Our business faces many risks. Any of the risks discussed below, or elsewhere in this report or in our other filings with the Securities and Exchange Commission (“SEC”), could have a material impact on our business, financial condition, or results of operations.

Risks Related to Our Business

While we had positive earnings in the fiscal year ended December 31, 2015, we have a history of losses and our revenues may not be sufficient to sustain our operations.

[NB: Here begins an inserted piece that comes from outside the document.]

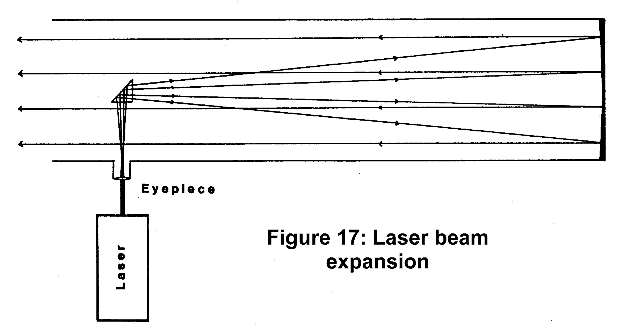 The parallel beam of light emitted by a laser will start to diverge after a short distance as a result of diffraction, but this can be reduced by expanding the beam through an astronomical telescope as depicted in Figure 17:
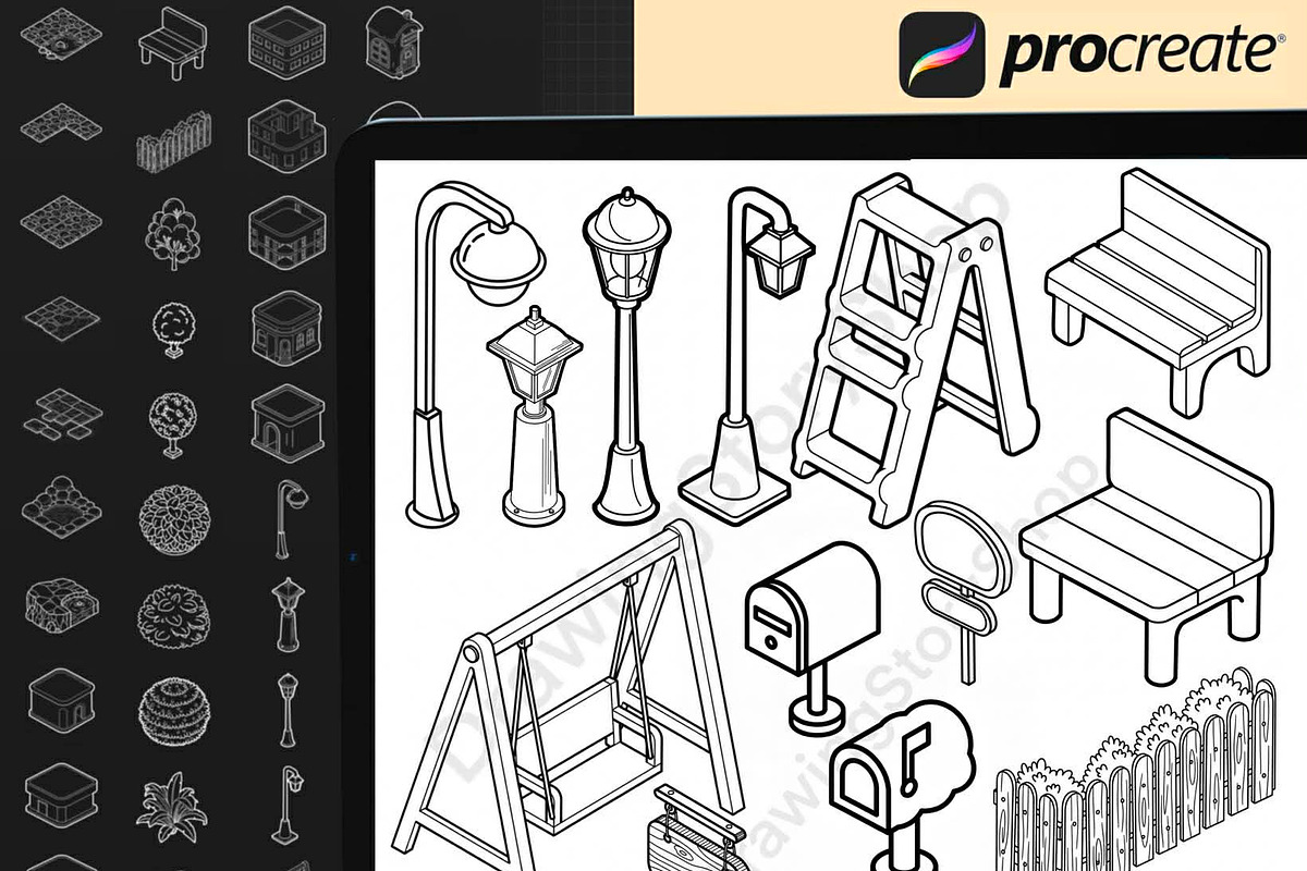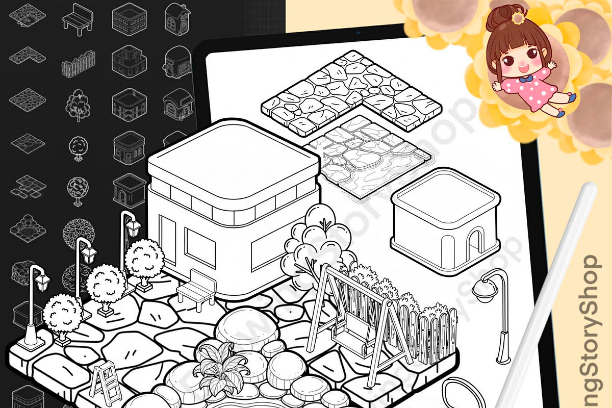 200 Procreate Isometric Buildings Stamps Graphic by DrawingStoryShop ...

Even though we ceased being a “development stage” company in April 2006, we are still subject to all of the risks associated with having a limited operating history and pursuing the development of new products. While we had positive earnings in the fiscal year ended December 31, 2015, our cash flows may be insufficient to meet expenses relating to our operations and the development of our business, and may be insufficient to allow us to develop new products. We currently conduct research and development using our proprietary platform technologies to develop oral controlled release and other delivery products. We do not know whether we will be successful in the development of such products. We have an accumulated deficit of approximately $16,557 thousand since our inception in 2003 through December 31, 2015. To date, these losses have been financed principally through sales of equity securities. Our revenues for the past five years ended December 31, 2015, December 31, 2014, December 31, 2013, December 31, 2012 and December 31, 2011 were $5.1 million, $1.7 million, $948 thousand, $1,198 thousand and $440 thousand respectively. Our revenues in 2015 consisted primarily of royalty income and the amortization of deferred revenue related to the commercialization of Forfivo XL®, our first FDA-approved product, which was commercialized in October 2012, and milestone payments related to the development of our VersaFilm™ products. Revenue generated to date has not been sufficient to sustain our operations. In order to achieve profitability, our revenue streams will have to increase and there is no assurance that revenues will increase to such a level.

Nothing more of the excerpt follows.